The term "jagged technological frontier" was coined in a field experiment conducted by researchers from Harvard Business School, MIT, and Wharton, published in Organization Science in 2025. The study enrolled 758 knowledge workers from Boston Consulting Group and had them complete realistic management consulting tasks — market analysis, synthesizing research, writing reports.

The finding everyone quotes: AI-assisted consultants completed tasks 25% faster, produced outputs rated 40% higher quality, and improved their success rate by 12.5 points. But the finding that matters for product teams is the second one: for tasks that fell outside the AI's capability frontier, consultants who used AI anyway were 19 percentage points less likely to produce correct solutions than consultants who worked without AI at all.

AI didn't just fail to help on those tasks. It made experienced professionals perform worse than they would have alone. The confidence and fluency of AI output masked the incorrectness.

What "Jagged" Actually Means in Practice

The capability frontier is not defined by task complexity in any way humans intuitively understand. The jaggedness comes from the distribution of training data, the nature of the objective function, and the specific failure modes of next-token prediction.

A few examples that illustrate the shape:

Where AI routinely exceeds human expert performance:

  • Writing, editing, and business ideation (AI-generated startup ideas rated better than business school students' by independent judges)
  • Emotional support and reappraisal (performs better than 85% of humans in controlled studies)
  • Reading comprehension on well-formatted documents
  • Code generation for common patterns (state-of-the-art agents now exceed 80% on SWE-bench)
  • Mathematical competition problems (o1-preview outperformed GPT-4o by 43 points on AIME 2024)

Where AI fails in ways that surprise practitioners:

  • Spatial reasoning: models that generate flawless geometry proofs fail when asked whether two rendered lines cross on an actual image
  • Sequential planning: Calendar scheduling, maze navigation, and constraint satisfaction problems show minimal improvement even with extended reasoning
  • Encoding and format edge cases: Both o1 and o3 fail silently on CSVs with hidden encoding issues
  • Visual perception of thin or suspended objects: Waymo's fifth-generation autonomous vehicle system was recalled after 1,212 vehicles collided with thin barriers — chains, utility poles, suspended gates — that its perception stack couldn't reliably detect despite excellent performance on standard obstacles

The pattern is not random. Tasks that have abundant, consistent training examples tend to sit inside the frontier. Tasks that require grounded, physical-world reasoning, or careful sequential logic without shortcuts, tend to sit outside it. But the exact shape is not predictable from first principles, which is the core problem for product teams.

The Product Design Traps

Once you understand the jagged frontier, several failure modes in AI product design become predictable.

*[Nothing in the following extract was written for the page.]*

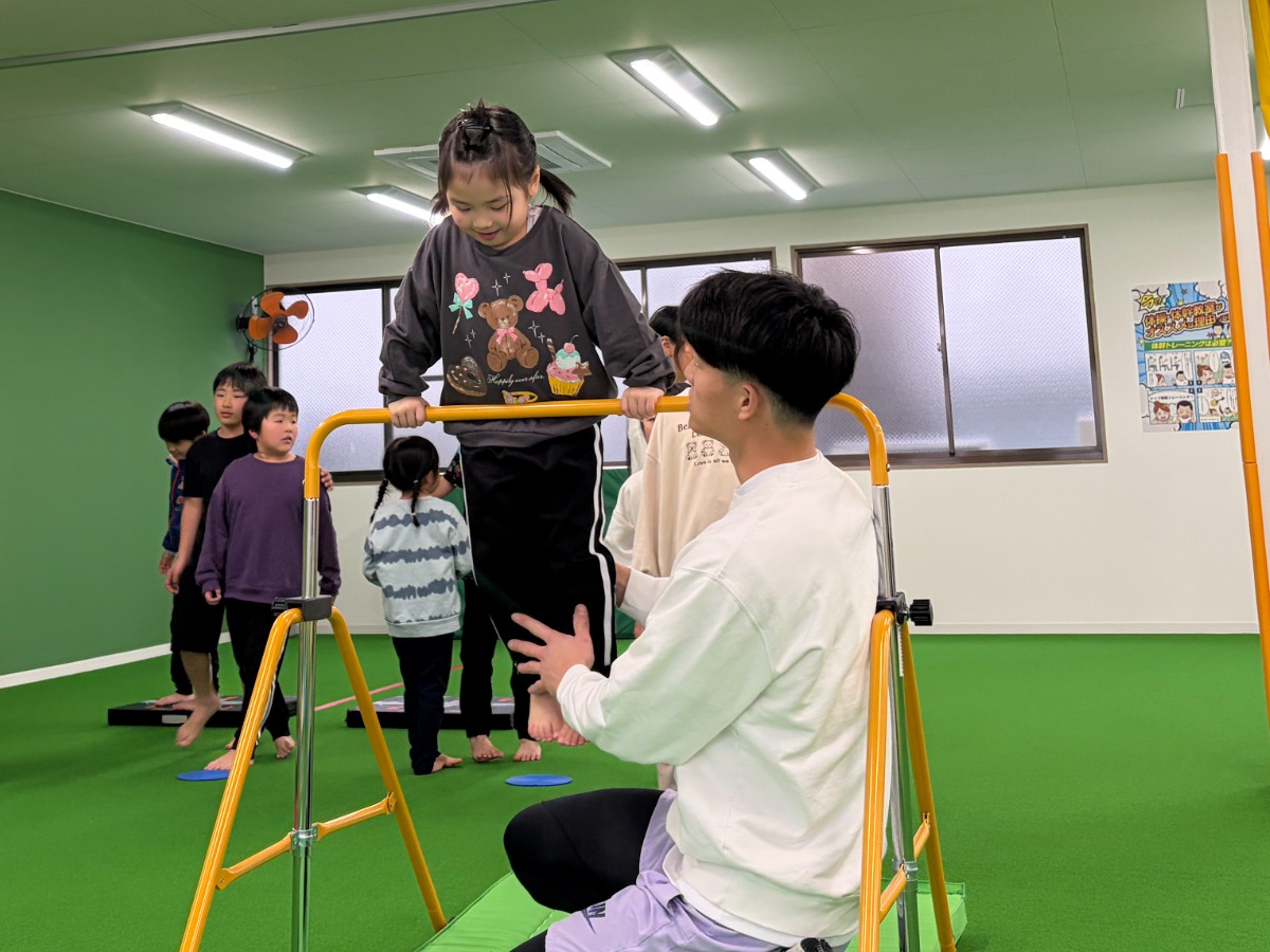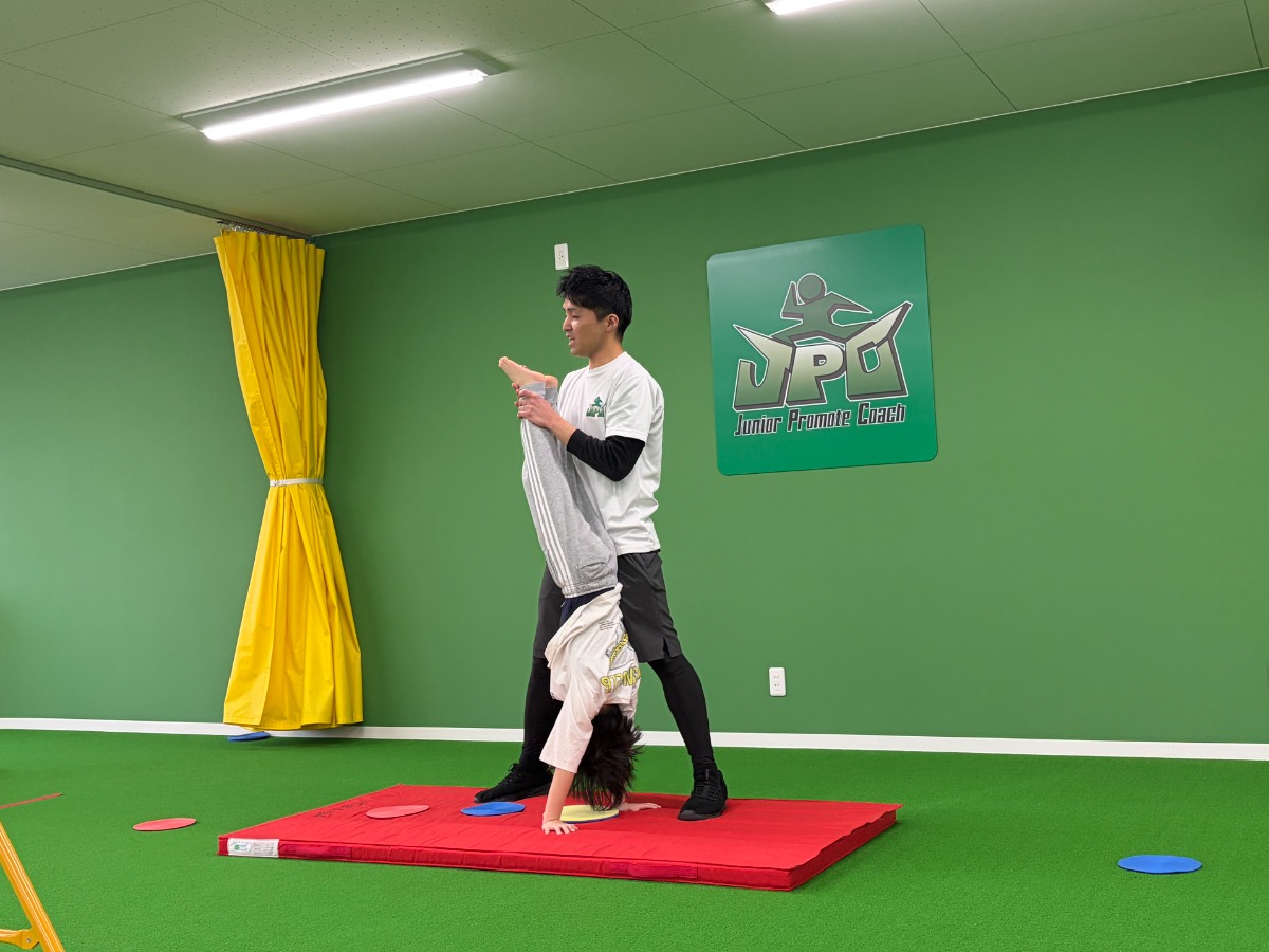 さらに、鉄棒やマット運動で逆立ちの練習をしたり、足を上げてバランス感覚を養ったり、跳び箱に挑戦したりと内容は盛りだくさん。

The coherence assumption trap. Users who see a system handle a hard task conclude it can handle easier adjacent tasks. This is rational behavior in a world of human expertise, where capability is relatively smooth. It's wrong for AI. A writing assistant that produces excellent long-form analysis will not necessarily produce a reliable short summary of the same text. A code agent that passes complex algorithm challenges will still introduce subtle off-by-one errors in simple array traversal. Users who have learned to trust the system's hard-task output will extend that trust inappropriately and catch errors later — sometimes much later.

The over-reliance cascade. In the Harvard study, the damage from over-reliance wasn't that people used AI on tasks it was bad at. It's that AI's confident, fluent output suppressed the human's independent judgment. An experienced consultant who would have caught an error while working solo missed it because the AI's answer sounded authoritative. This is a UX design problem, not just a model problem. When your interface presents AI output as finished work rather than a draft requiring judgment, you're designing for over-reliance.

The under-utilization shadow. The same jaggedness that causes over-trust in some domains causes under-trust in others. Teams that have witnessed AI fail at tasks they expected it to handle will avoid AI for superficially similar tasks — including ones where AI would actually outperform the team. The capability cliff teaches the wrong lesson when users can't distinguish where the frontier actually runs.

The McDonald's problem. McDonald's deployed AI voice ordering at over 100 drive-throughs. The system performed adequately in controlled conditions. In production, background noise, regional accents, and edge-case orders pushed it outside the frontier. It placed absurdly incorrect orders — adding hundreds of dollars of incorrect items, making substitutions that didn't exist in the request — and the failures went viral. The program was pulled in July 2024. The error wasn't deploying AI voice ordering. The error was not knowing where the frontier was for that specific environment before shipping at scale.

How to Map the Frontier Before You Ship

Most teams don't map the capability frontier before shipping because they don't have a systematic way to do it. Here's a practical framework.

Task decomposition is the starting point. Decompose your feature's workflow into discrete subtasks. A document summarization feature might decompose into: extract key claims, verify factual consistency, condense without distortion, format for the target audience. Each subtask has a different position relative to the frontier. Don't evaluate the end-to-end output alone — that conflates tasks that are inside the frontier with tasks that are outside it, and you won't know which is which until a user finds the failure.

Build a capability inventory, not a demo. The demo is always the best case. The capability inventory is systematic: for each subtask, build at least 20 realistic test cases, drawn from messy real-world examples, not cleaned-up showcases. Run the model. Measure accuracy, not impression. Track which subtask types generate confident-but-wrong outputs — these are your frontier crossings.

Specifically probe for the failure modes that aren't obvious. Spatial and visual reasoning, sequential multi-step planning, format and encoding edge cases, and tasks involving temporal reasoning with real dates are disproportionately likely to sit outside the frontier even when the model performs well on nearby tasks. Build explicit tests for these even when your main use case doesn't seem to involve them. They appear as side effects more than as primary tasks.

Test on realistic, messy inputs. This is not the same as testing on hard inputs. Frontier crossings often happen not because the task is hard but because the input is slightly unusual — a different file encoding, an unusual name format, a multi-sentence question instead of a single-sentence one. Your eval set needs to include inputs that would be trivially handled by a human but represent edge cases in the training distribution.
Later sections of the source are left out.